10 Myths of Business Networking – Part Two


By Ken Marsh
Ken Marsh is a Price of Business Show Contributor for Business Networking. He is an authority on this subject and author of the book Fearless Networking.

“Self-preservation has a tendency to lead to poverty.”  — Excerpted from “The Treasury of Quotes” by Jim Rohn

 Although many will say that most of their business comes through networking. Just as many will have false assumptions about business networking that could be hampering their effort at increasing their business through “word of mouth marketing.” Following is a list of five of the 10 myths about business networking (myths 6-10). How many did you once agree with?

  1. “You have the “gift of gab” so you are a natural networker.” Nothing could be further from the truth. The ability to listen actively to identify wants and needs and to determine the impact of not resolving issues, is far more critical to effective networking and relationship building.
  2. “One should never have to cold call again once he learns how to network.” This statement could not be further from the truth.

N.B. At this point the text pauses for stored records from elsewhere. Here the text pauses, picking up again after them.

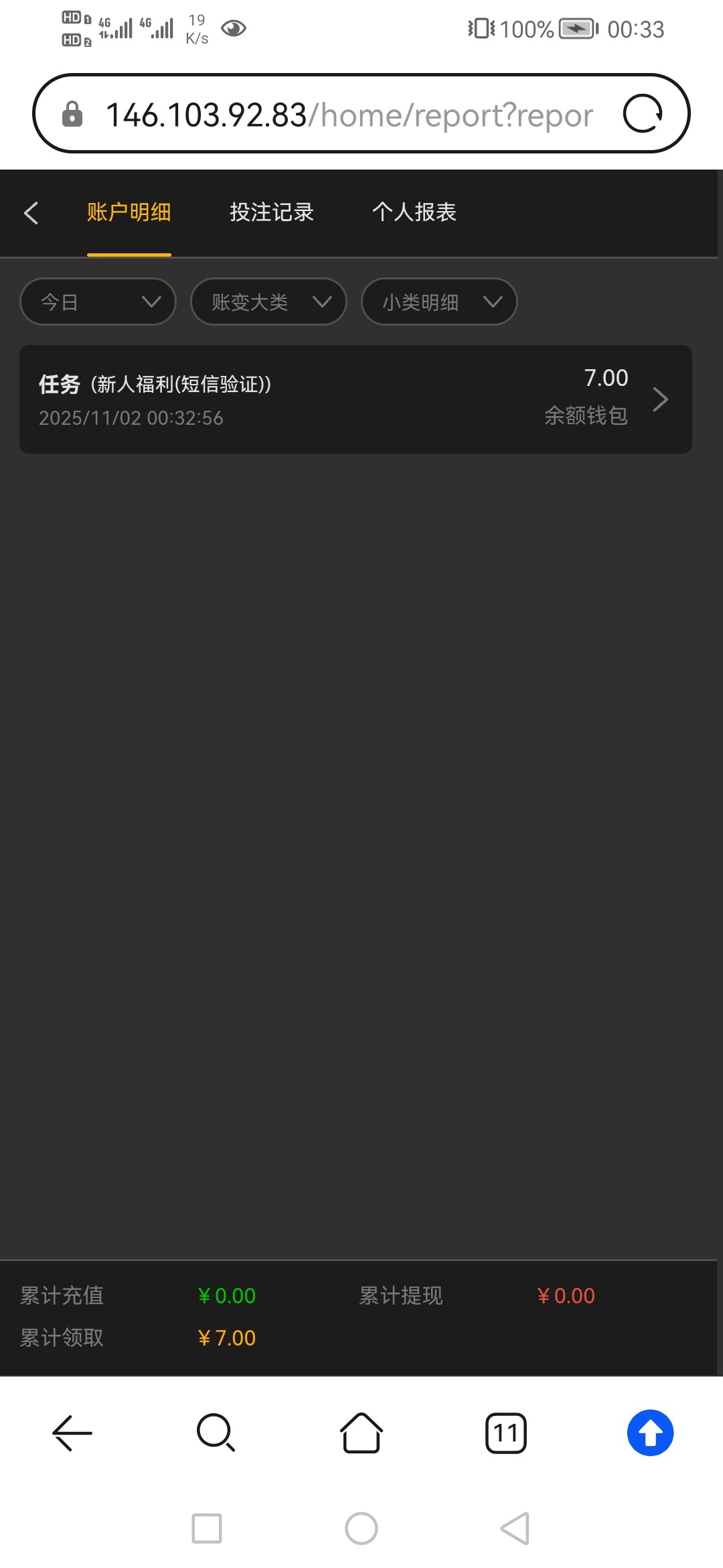 7块钱磨了一千多流水才上够一百也是赌神附体了
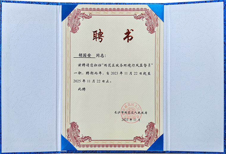 監(jiān)督工作是規(guī)范政務(wù)服務(wù)工作的“度量尺”,是監(jiān)督營(yíng)商環(huán)境的“探照燈”,是密切干群關(guān)系的“連心橋”。胡國(guó)安董事長(zhǎng)表示,此次受聘為長(zhǎng)沙市雨花區(qū)政務(wù)環(huán)境行風(fēng)監(jiān)督員,是雨花區(qū)政府一直以來(lái)優(yōu)化營(yíng)商環(huán)境、打造親切政企關(guān)系的體現(xiàn),能夠擔(dān)任政務(wù)監(jiān)督員是一種榮譽(yù),更是一份責(zé)任,今后不僅要積極建言獻(xiàn)策,及時(shí)收集和反映企情民意,也會(huì)積極參與雨花區(qū)政務(wù)服務(wù)改革和政策宣傳解讀,成為密切干群關(guān)系的橋梁和紐帶,將以高度的責(zé)任感和使命感,認(rèn)真履行職責(zé),發(fā)揮自身特長(zhǎng)和優(yōu)勢(shì),把握新動(dòng)向、洞察新問(wèn)題,同心協(xié)力為長(zhǎng)沙市雨花區(qū)高質(zhì)量發(fā)展作出積極貢獻(xiàn)。
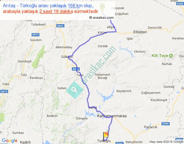 Arıtaş - Türkoğlu arası yaklaşık olarak 90 km/h ile yukarıda belirtilen sürede olup, iki yerin kuş uçuşu uzaklığı (mesafesi) 106'dir. Yolculuk otobüsle 2 saat 59 dakika sürmektedir.
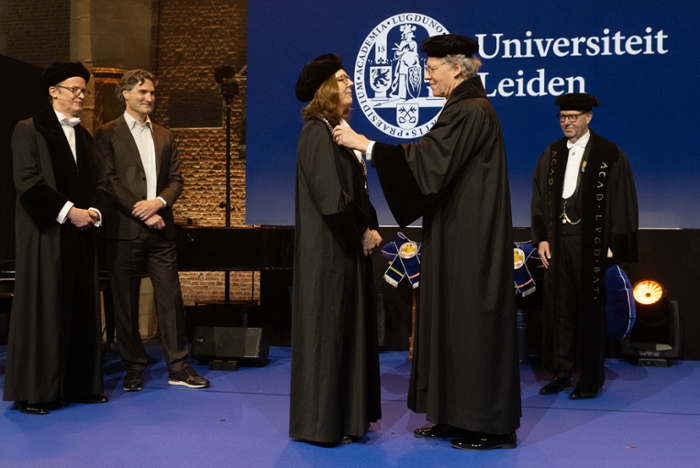 Een bijzonder moment was de overdracht van het rectoraat op hoogleraar Sarah de Rijcke. Ten overstaan van de academische gemeenschap ontving zij de rectorsketen, waarna zij haar eerste diesrede hield. Daarin stond ze stil bij de maatschappelijke en geopolitieke onrust die impact hebben op het leven van studenten en medewerkers. ‘Soms komt hun betrokkenheid tot uiting in protest; dat hoort bij een levendige democratie. Dan is het belangrijk elkaars argumenten te blijven bevragen, vanuit kennis en zorgvuldigheid.’
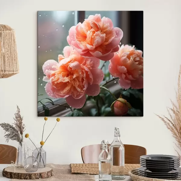 Maalid Kolm pioonid kaste hommikuvalguses Nr s45033

Business networking is an art that takes time to master. But, even master networkers know that networking does not replace selling. If anything, networking is a form of marketing and should enhance selling. A good rule of thumb for a champion salesperson is to spend 60% of your time networking and 40% selling.
  3. “Collecting business cards to create a huge contact database is networking.” Business networking is much more about focusing on building relationships rather than a database of names, addresses and phone numbers. Acquiring a database of diverse people with diverse products and services that have agreed to share referrals is true networking.
  4. “Once you have a well written 60-second product or service introduction, you are ready to begin networking.” Having a well-written 60-second product or service introduction or even a great elevator speech are important components of networking. However, networking is more about asking the right questions at the right time to begin building rapport and trust, listening for issues, wants and needs and tying the issues, wants and needs to the services of network associates who can help a prospective referral.
  5. “Since self-preservation is a key to survival, it is impossible to focus mainly on helping or contributing to another person’s interests.” It is true that most people primarily think about their own problems and concerns. However, it is not impossible to learn to primarily focus on helping others. In fact, when we do we find that we are much closer to attaining our own goals. This is true because people are more apt to be interested in helping us when we demonstrate that we are interested in helping them.